There are places you visit, and places that quietly change you. For Anne, Provence did exactly that, and it’s why travelers who arrive here with UnTours quickly feel they’re seeing the region from the inside out, not just passing through.
Anne has lived in Provence for more than 35 years. Raised in Paris and with family roots in Brittany, she still remembers the moment she first arrived in the south.
“It was the light,” she says. “After years in Paris, the light of Provence struck me immediately.”
She’s in good company. In the late 19th century, artists like Vincent van Gogh and Paul Cézanne were drawn south for the same reason: the way sunlight reshapes color, shadow, and mood. Anne didn’t just admire it. She stayed.
Today, as an UnGuide, Anne helps UnTourists experience Provence the way it reveals itself slowly, season by season, village by village—far beyond the highlight reel.

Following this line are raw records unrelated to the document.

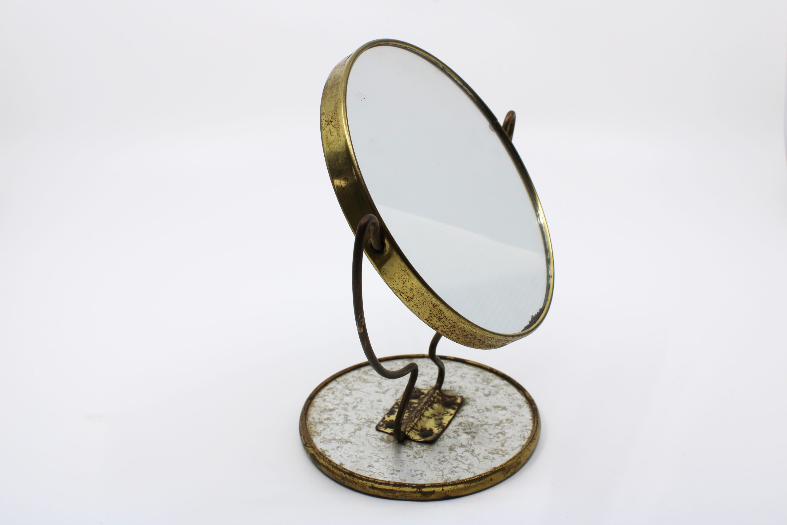 Circular tabletop mirror with a brass or brass-plated metal frame and stand. The mirror is mounted on a pivoting arm that allows for angle adjustment.
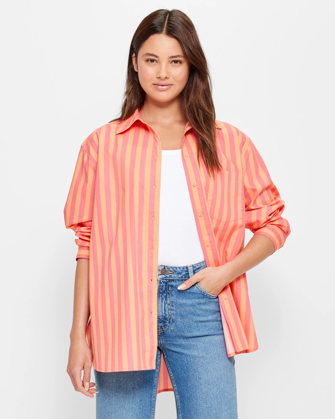 Introducing the Lily Loves Oversized Poplin Shirt. The perfect way to add a touch of effortless style to any look. Crafted from a breathable cotton poplin fabrication, this piece features an all-over striped design, round collared neckline, button through front and long cuffed sleeves. It also includes a chest pocket and curved high-low hemline for added interest, as well as a back centre pleat for ease of movement. Wear yours with jeans and sneakers for an easy weekend look.
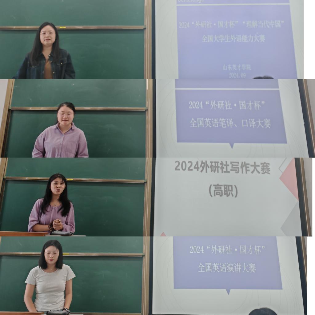 在段宇哲老师的主持下,李媛、宋美婷、方佳铭、宋璧君四位教师依次对“外研社国才杯”英语组四项赛事:综合能力、演讲、翻译及写作大赛,进行了详尽且系统的阐述。该赛事旨在全面评估和提升学生的外语能力,涵盖阅读理解、语言表达、批判性思维、逻辑推理、即时反应、英汉互译技巧以及文化理解等多个方面。此外,赛事鼓励学生以英语为工具思考国家发展全局,促进中外文化的交流与融合。同时,该赛事亦为学生构建了一个展现个人才华及检验外语教育成果的重要平台。
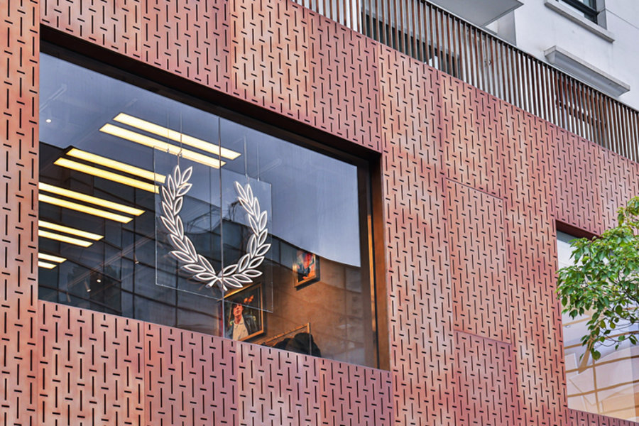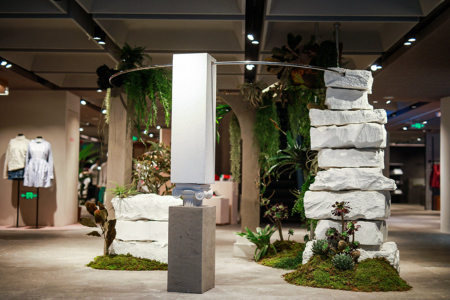 在 1866 平方米上下两层的空间里,简洁工业质感装潢,通过自然采光与店内挑高的点光源,融合自然形态的砖石与木质展柜,营造时尚且多元的舒适体验。
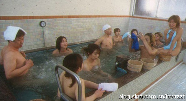日本人的洗浴方式是从原始的在河、湖共浴逐渐发展到在浴室等人工场所里共浴的。其温泉浴和中国一般的洗澡不同,不是在浴池里打肥皂搓澡,而是洗净以后才下水,目的是享受温泉美容强身的功效。温泉池所在处往往在风景绝佳的露天地方,与其说是洗浴,倒不如说是一种社交活动。

From Wine Cellars to Village Life
Anne’s first chapter in Provence unfolded in the wine world, in the Côtes du Rhône, one of France’s largest and most diverse wine regions. There, she worked alongside growers and winemakers deeply connected to their land.

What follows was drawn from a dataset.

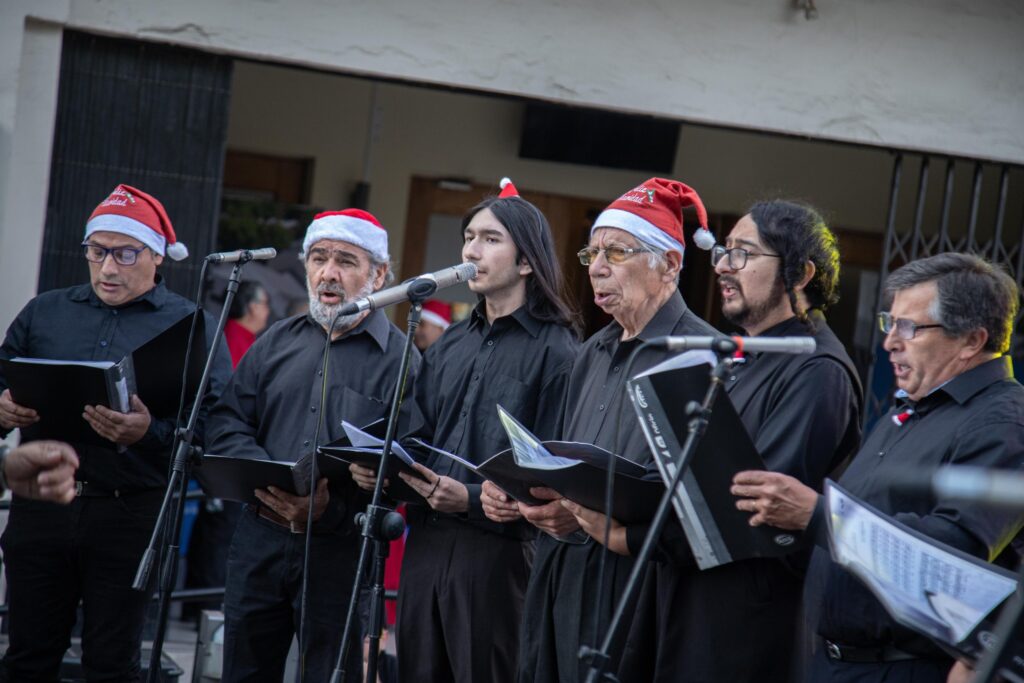 La jornada comenzó con la presentación de villancicos a cargo de talleres culturales locales, que llenaron el ambiente de melodías tradicionales y ritmos contagiosos. La música en vivo se apoderó de cada rincón de la Plaza de Armas, deleitando a niños, jóvenes y adultos. Las luces, guirnaldas y adornos festivos aportaron un matiz especial a este icónico espacio de encuentro de la capital de Colchagua.

“I loved explaining how wine is made—step by step—and telling the stories of the people behind it,” she says.
That instinct—to translate place through people, craft, and history—naturally led her into tourism. With UnTours, she found travelers who wanted more than surface-level experiences.
“What touched me most,” Anne shares, “was realizing that people from the other side of the world wanted to explore my country, slowly and thoughtfully. Sharing that is always a joy.”

Provence, According to Anne: A Place of Layers and Seasons
One of Anne’s greatest strengths as an UnGuide is her ability to show just how much Provence holds—often within a single day’s drive.
“You can be in the mountains, the hills, or by the sea without going far at all,” she explains.
UnTourists quickly learn that Provence is not one landscape, but many:
- Hilltop villages in the Luberon, where stone houses glow honey-gold at sunset
- The rugged limestone ridges of the Alpilles, dotted with olive groves and Roman ruins
- Wide, open wetlands in the Camargue, home to white horses, pink flamingos, and working rice farms
This diversity shapes daily life—and how UnTourists explore from their village home base.
Anne is also quick to say that Provence is never just “one season.” Each month has its own rhythm—from April and May, when the countryside turns vivid green and red poppies ripple through the fields, to early summer, when lavender blooms from mid-June into July and the air hums with bees. Summer brings open-air festivals filled with music, theatre, dance, and photography, while September and October shift into harvest mode as grapes and olives are gathered and village life takes on a quieter, purposeful pace.
With Anne as their UnGuide, UnTours travelers don’t just know what to see—they know when to linger and when to wander elsewhere.

Experiences You Don’t Stumble Upon (Unless You Know Someone)
Because UnTours bases are intentionally set in smaller, lesser-known villages, Anne’s recommendations often lead travelers away from crowds and into moments that feel personal.
Here are a few of her favorite ways UnTourists experience Provence differently:
- Cycling parts of the Mont Ventoux, including roads made legendary by the Tour de France
- Riding alongside the white horses of the Camargue, guided by local horsemen
- Swimming in quiet Mediterranean coves, far from busy resort beaches
- Exploring perched villages of the Luberon and Alpilles early or late in the day, when the light softens and locals reclaim the streets
- Visiting artists’ places with context—like the former home of Dora Maar, or Van Gogh’s asylum in Saint-Rémy—understanding not just where they lived, but why they stayed
- Wandering antique fairs and flea markets with enough time to haggle, chat, and learn what objects once meant in local homes
- Walking or cycling converted rail trails that trace the countryside at human speed
And then there’s the Roman legacy—standing on the steps of the Maison Carrée in Nîmes, or inside the amphitheatre of Arles, where history feels astonishingly present.
Why Anne—and UnTours—Change How You See Provence
Anne doesn’t rush travelers through Provence. She helps them settle into it. That’s the difference.
UnTours’ model—living in one place, supported by an UnGuide like Anne—creates space for small discoveries: the baker who remembers your order, the vineyard road you take twice because it felt right, the village market that becomes familiar by the end of the week.
“Provence has an authentic soul,” Anne says. “You feel it when you take the time.”
With Anne as your UnGuide, Provence is a lived experience—one shaped by light, land, food, history, and the quiet confidence of knowing you’re exactly where you’re meant to be.